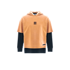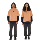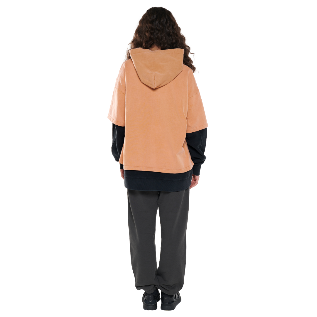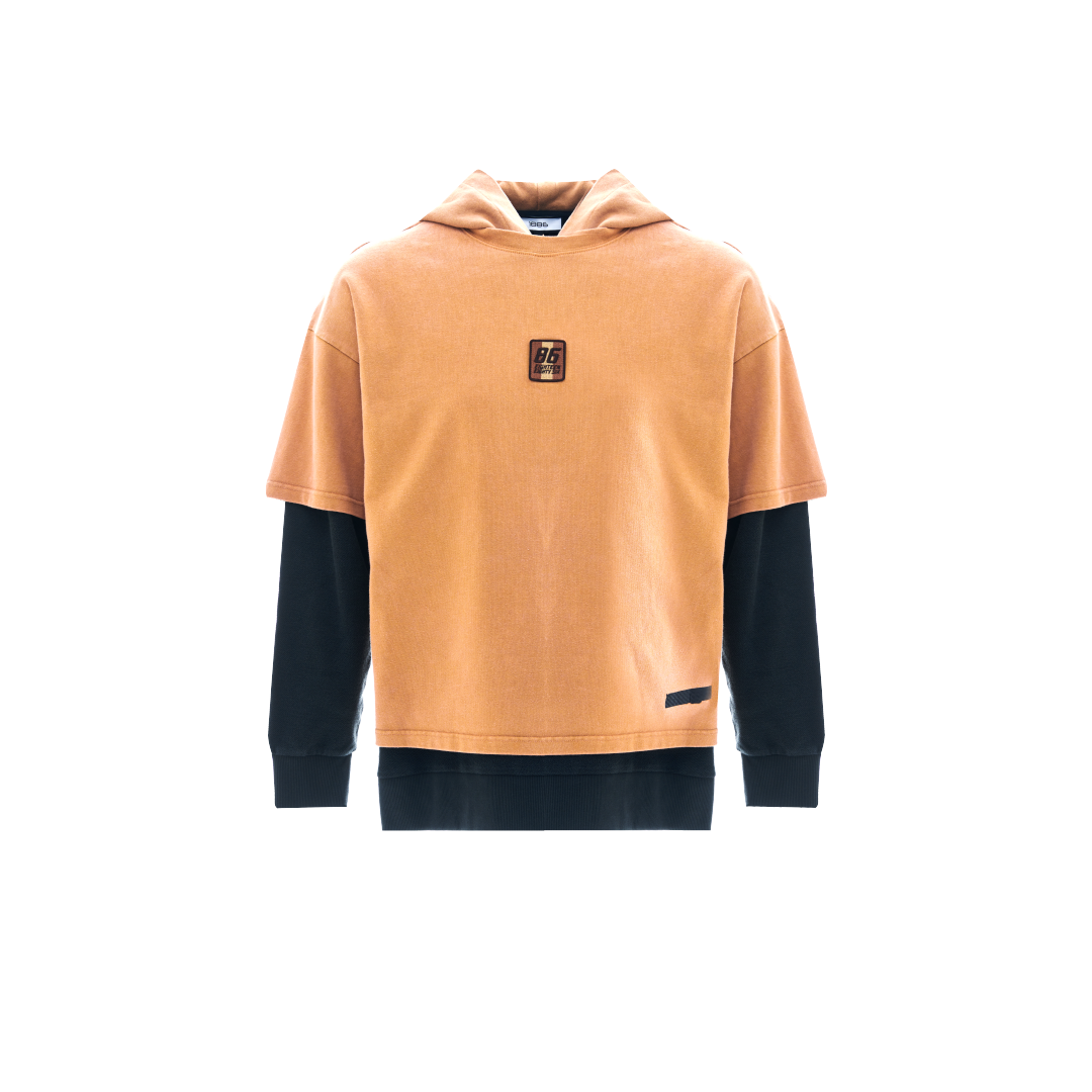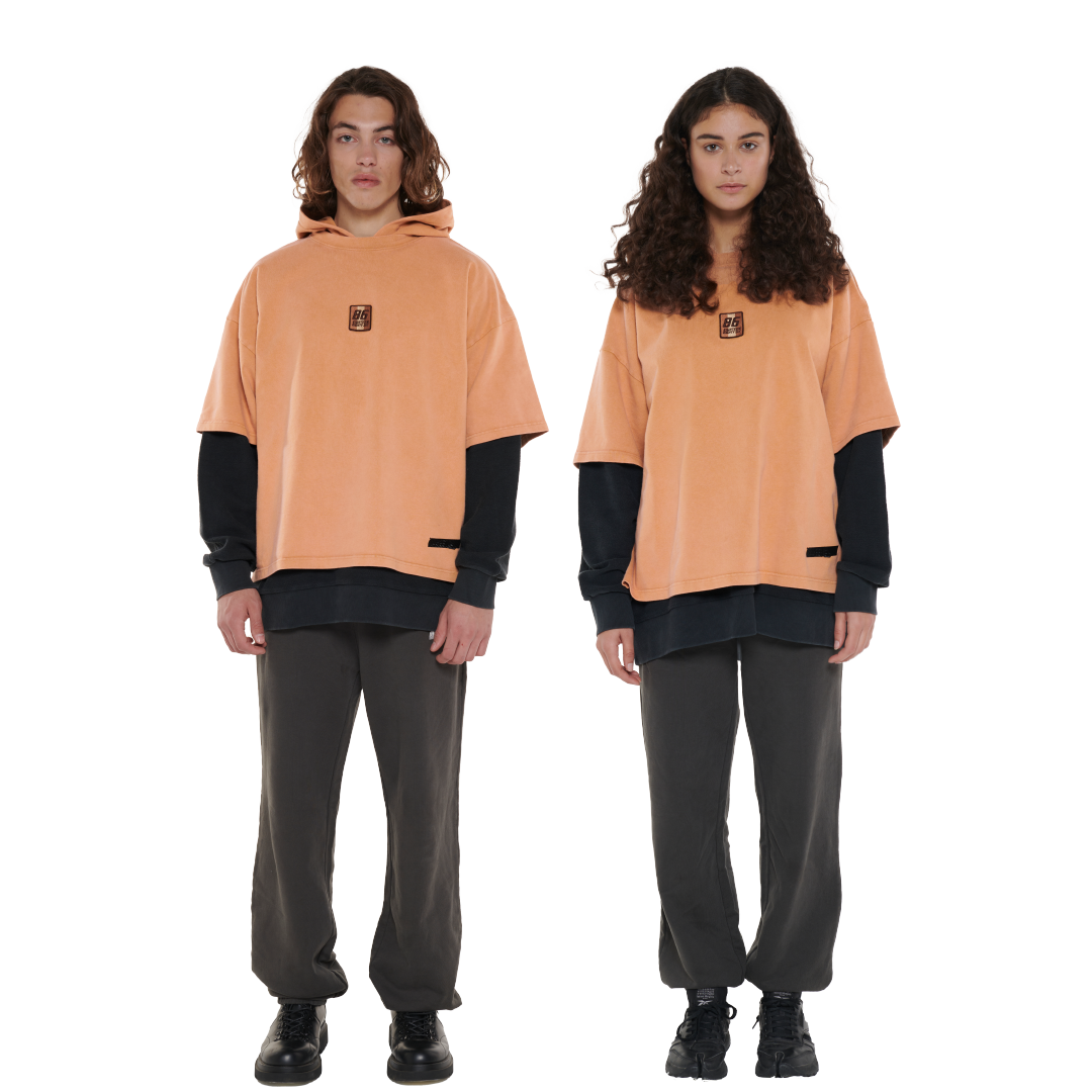 هودي مزدوج بحجم كبير بأكمام طويلة مع شعار ’86 مطرز على الجزء الأمامي. اللون: بني مغسول مع أكمام سوداء. القماش: قطن 100٪
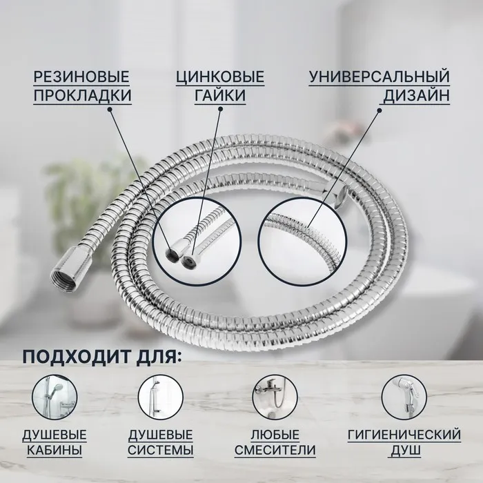 Шланг изготовлен из ПВХ в сочетании с оплеткой из нержавеющей стали двойного зажима. Длина душевого шланга составляет 1,5 метра, присоединительный размер 1/2" (полдюйма), подключение к смесителю происходит с помощью обычной накидной гайки, а к лейке - конусной накидной гайки.
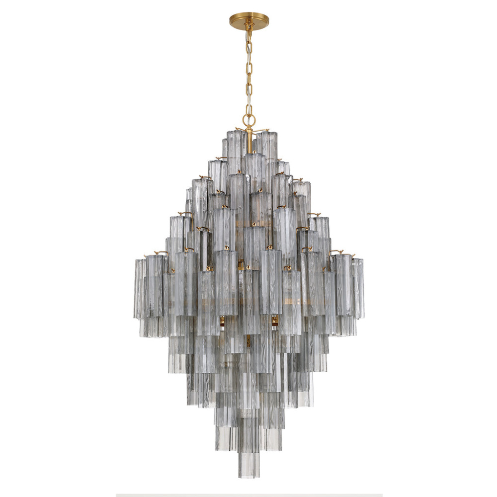 The captivating Addis Lighting Collection is a modern-day interpretation of the iconic mid-century Tronchi chandelier. Inspired by its predecessor's sleek lines and geometric shapes, the Addis features a polished Chrome or Aged Brass metal frame that exudes sophistication and style. Its unique design showcases transparent tiers of textured Tronchi glass tubes, forming a mesmerizing 5-point rounded star shape. Choose from a range of glass colors, including clear, amber, smoke, and white, or the stunning Autumn option, which features a captivating multicolor disposition of amber, clear, and smoke Tronchi glass. The Addis Lighting Collection offers various sizes and finishes, allowing you to find the perfect fit for your space while adding a touch of timeless elegance.
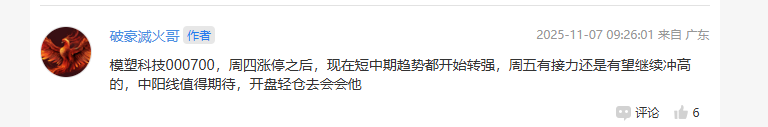 模塑科技000700:上周五虽然受减持的影响没有太亮眼的表现,但是短期来看主要还是受市场情绪影响的概率更大,现在位置又不算太高,下方多条均线也是拐头向上的,上周五虽然出现了调整,但是短期来看是良性的调整,对他依然还是比较有信心的,周一回踩五日线之后如果能有较好的接力,还是有望反包的。
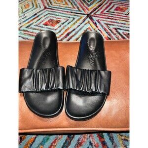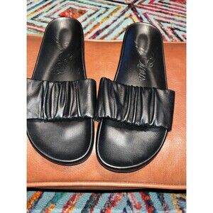J-Crew Leather Slides Ergo 1 Inch Pleated Chunklas Thongs Size 12
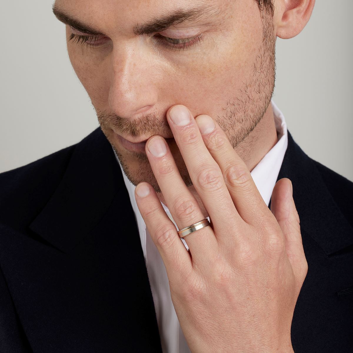 Une alliance de mariage à l'aspect contemporain pour homme ou femme. Bicolore, elle est composée d'une base en platine et d'un filet asymétrique traversant en or rouge 18 carats. De type ruban à la finition brossée et aux bords biseautés, cette alliance existe en 2 largeurs : 4 mm et 5 mm.
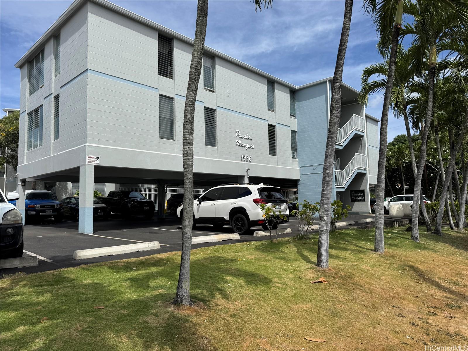 Rarely Available Punahou Marquis! 2nd Floor, secured entry into building, 2 bedrooms, 1 bath, 1 parking space (assigned). Apartment has been professionally painted, new drapes, flooring in great condition. Maintained secure building with clean community laundry room. Great location near to University of Hawaii, Punahou School (private), shopping, restaurants, entertainment and parks. Ideal purchase for student or teacher housing and investment. Furthermore, easy access to HI Freeway going East or West and near public transportation. Disclosures:Property has a monthly assessment due to building maintenance of $152 until March 1, 2030. Building Insurance coverage is 100%. Tenant Occupied.
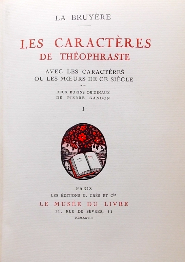LA BRUYERE (Jean de) Les caractères de Théophraste, avec les caractères ou les moeurs de ce siècle. Paris, Crès & Cie (coll. Le Musée du Livre), 1928.
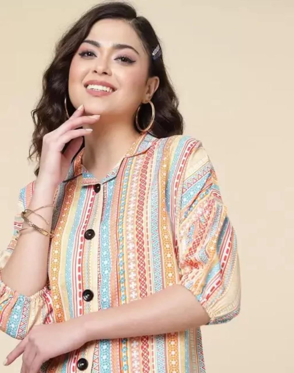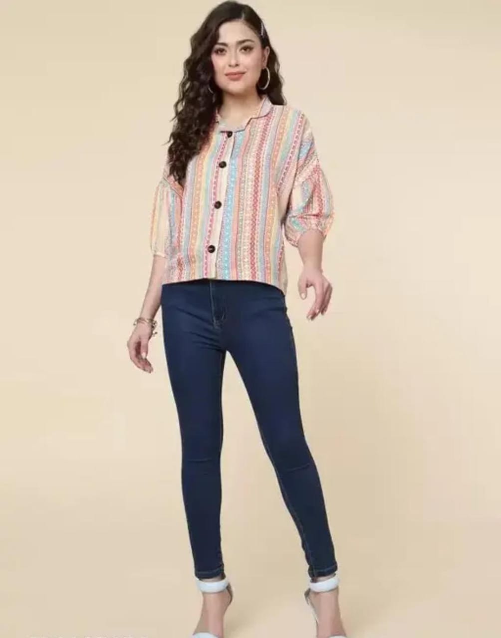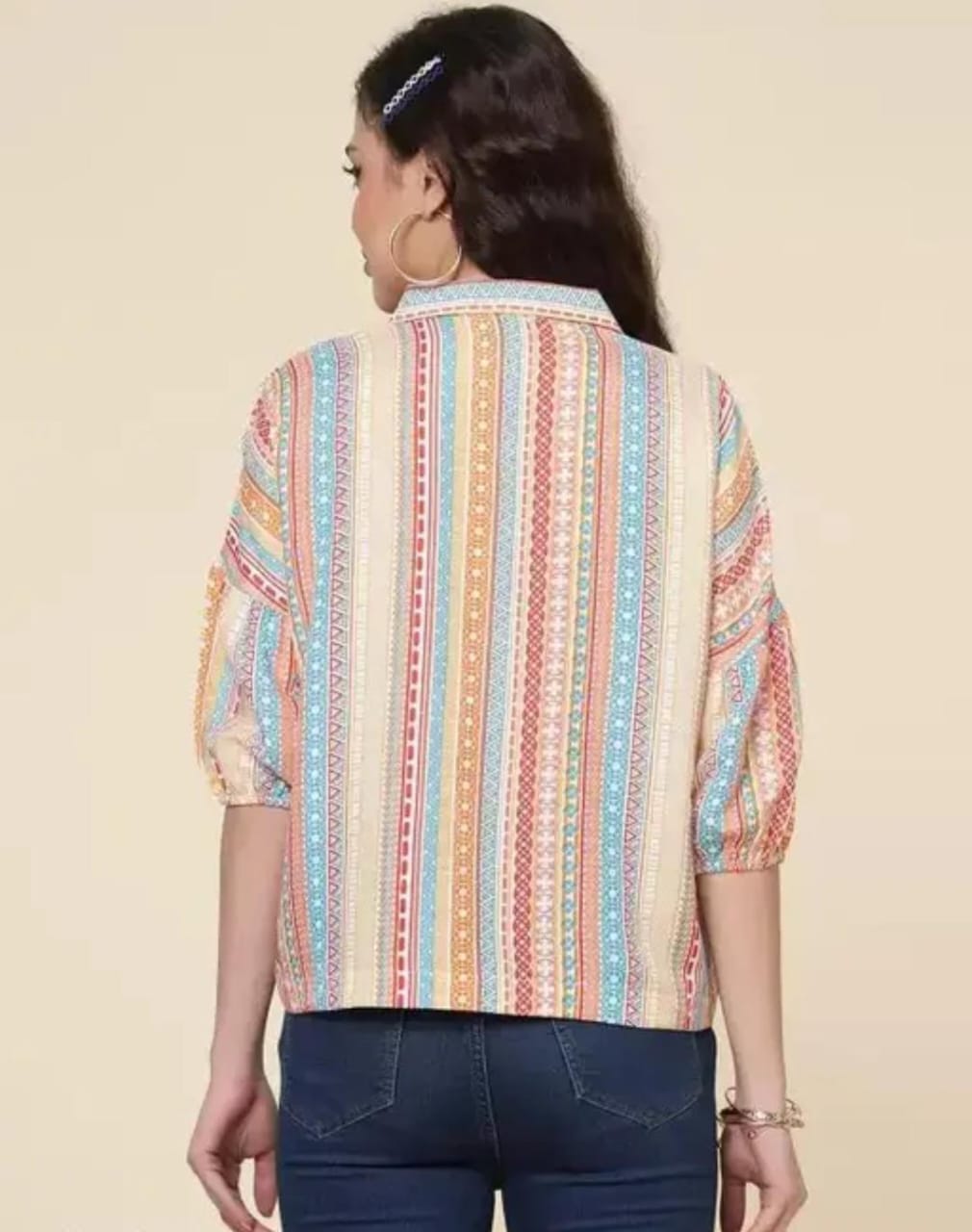 This stylish multicolor striped top features a soft cream base with vibrant vertical patterns that add a fresh and playful touch. Made from a comfortable cotton blend fabric, it offers a relaxed fit with puff sleeves, making it perfect for everyday casual and smart-casual looks.

Activity: Skip every picture and retype only the lines from the line with "LA BRUYERE (Jean" through the last line of the listing, both ends included, exactly as they appear.

Result of this task:
LA BRUYERE (Jean de) Les caractères de Théophraste, avec les caractères ou les moeurs de ce siècle. Paris, Crès & Cie (coll. Le Musée du Livre), 1928.
 This stylish multicolor striped top features a soft cream base with vibrant vertical patterns that add a fresh and playful touch. Made from a comfortable cotton blend fabric, it offers a relaxed fit with puff sleeves, making it perfect for everyday casual and smart-casual looks.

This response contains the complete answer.